Nightmares (Save Will DC 17; Onset Immediate; Effect see below)
Each night, the character must make a Madness save or have nightmares. The following day, the character is fatigued and cannot regain arcane spells. After a number of days of fatigue equal to 3 + their Constitution modifier, they become exhausted instead. After a similar period of time, they take 1d3 points of damage to each mental ability score until they lapse into a coma. The following night, if still unable to sleep properly, they die. Sleeping removes 2 days worth of penalties per 8 hours of sleep.

Paranoia (Save Will DC 17; Onset 2d6 days; Effect –4 penalty on Will saves and Charisma-based skill checks; cannot receive benefit from or attempt the Aid Another action; cannot willingly accept aid (including healing) from another creature unless he makes a Will save against his insanity's DC)
The paranoid character is convinced that the world and all that dwell within it are out to get him. Paranoid characters are typically argumentative or introverted.

Psychosis (Save Will DC 20; Onset 3d6 days; Effect character becomes chaotic evil; gains +10 competence bonus on Bluff checks to hide insanity)
This complex insanity fills the victim with hate for the world. He may suppress his psychosis for a period of 1 day by making a Will save against the DC of his insanity, otherwise he cannot help but plot and plan the death and destruction of his friends and enemies alike. For the most part, the impact of psychosis must be roleplayed, although not all players find entertainment in roleplaying a lunatic who's trying to do in his friends. In such cases, the GM should assume control of the character whenever his psychosis is in control.

Schizophrenia (Save Will DC 16; Onset 1d6 days; Effect –4 penalty on all Wisdom and Charisma-based skill checks; cannot take 10 or take 20; chance of becoming confused (see below))
A schizophrenic character has lost his grip on reality, and can no longer tell the difference between what is real and what is not. These constant hallucinations cause the schizophrenic to appear erratic, chaotic, and unpredictable to others. Each time a schizophrenic character finds himself in a stressful situation (such as combat) he must make a Will save against his insanity's DC. Failure indicates that the character becomes confused for 1d6 rounds.

Suicidal Thoughts (Save Will DC 18; Onset immediate; Effect As depression, plus see below)
As depression, except that should the character fail another Fear, Horror or Madness save, they must attempt to take their own life via the most efficient means possible within the next hour.
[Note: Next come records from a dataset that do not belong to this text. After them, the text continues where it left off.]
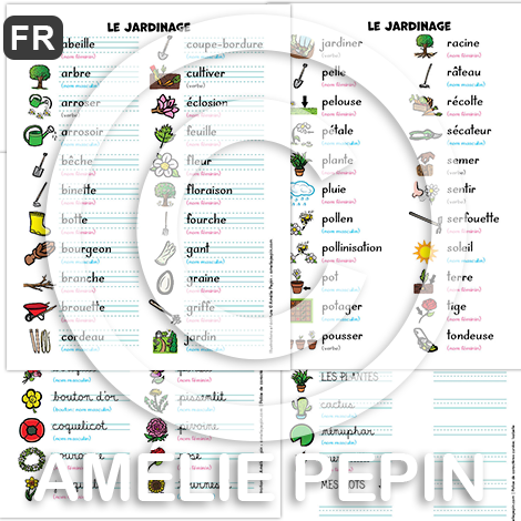 Le jardinage - Liste de 72 mots illustrés (script et cursif)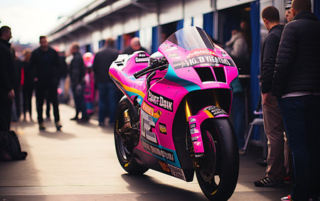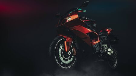 Racing mortorbike neon light backgroud. Race mortorcycle fast transportation.
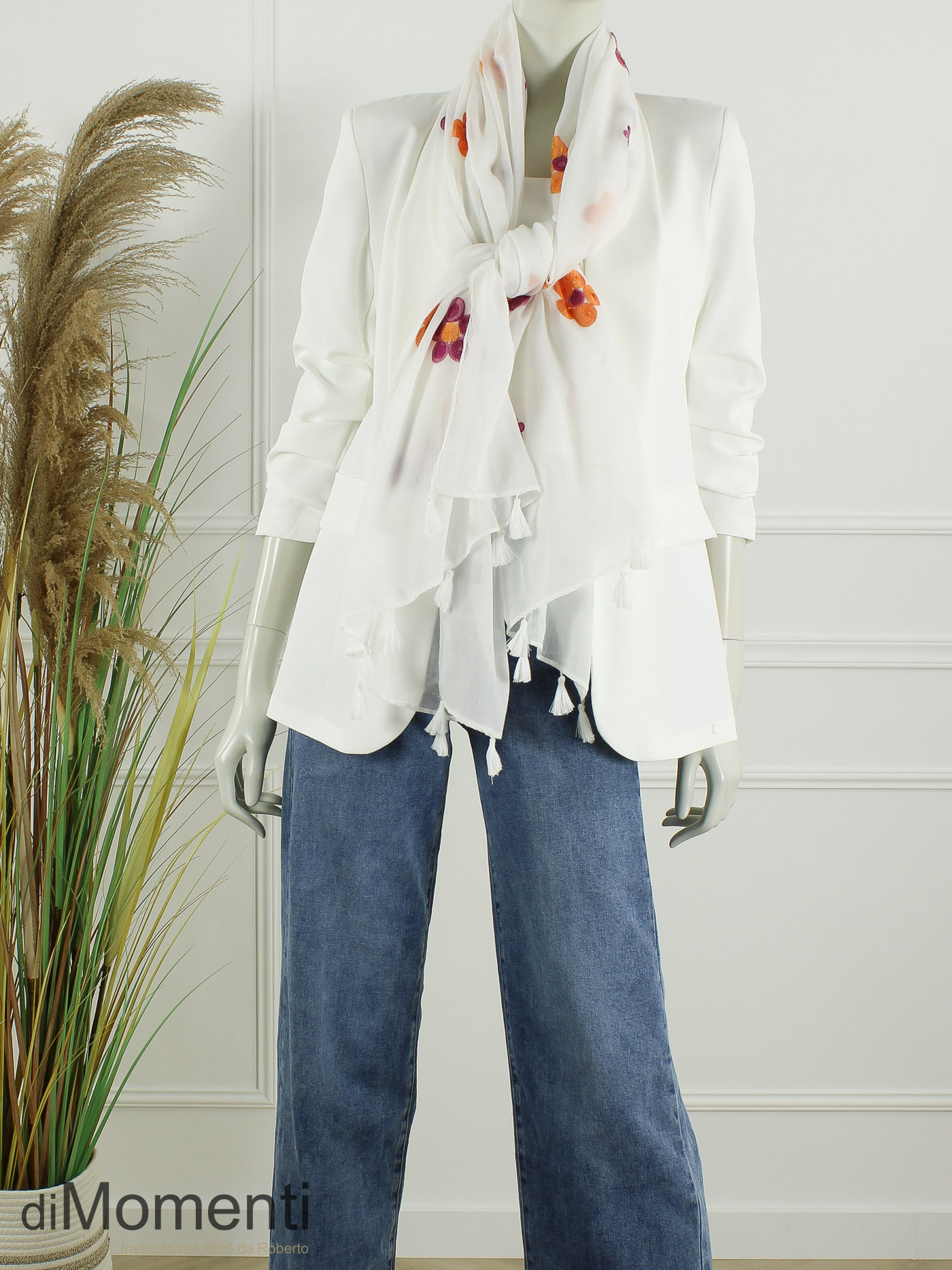 Pure luxe met deze royale, langwerpige sjaal. De zachte mix van viscose en katoen voelt heerlijk soepel aan, terwijl de prachtig geborduurde goudkleurige bloemen zorgen voor een romantische, exclusieve uitstraling. Een tijdloos statement-piece in frisse zomerse kleuren dat elke outfit direct transformeert tot een stijlvol geheel.

If any of a character’s mental abilities drop below 3, they become a Lost One—a walking catatonic whose mind was shattered by memories too horrible to bear. They eat and drink if fed, walk if led, and may occasionally mumble gibberish, but otherwise take no meaningful actions. They persist in this state until their madness is cured.

All insanities have a DC that represents the insanity's strength. An insanity's DC indicates the Will save you need to roll in order to resist contracting the insanity when you are initially exposed to it, but also the DC you need to make to recover. Recovering from an insanity naturally is a lengthy process—once per week, you make a Will save against the insanity's current DC. If you succeed on this save, the insanity's DC is reduced by a number of points equal to your Wisdom bonus (minimum of 1). You continue to suffer the full effects of the insanity until its DC is reduced to 0, at which point you are cured and the insanity vanishes completely. Insanity can also be cured using hypnosis; see above.

Lesser restoration has no effect on insanity, but restoration reduces the current DC of one insanity currently affecting a target by an amount equal to the caster's level. Greater restoration, heal, limited wish, miracle, or wish immediately cures a target of all insanity.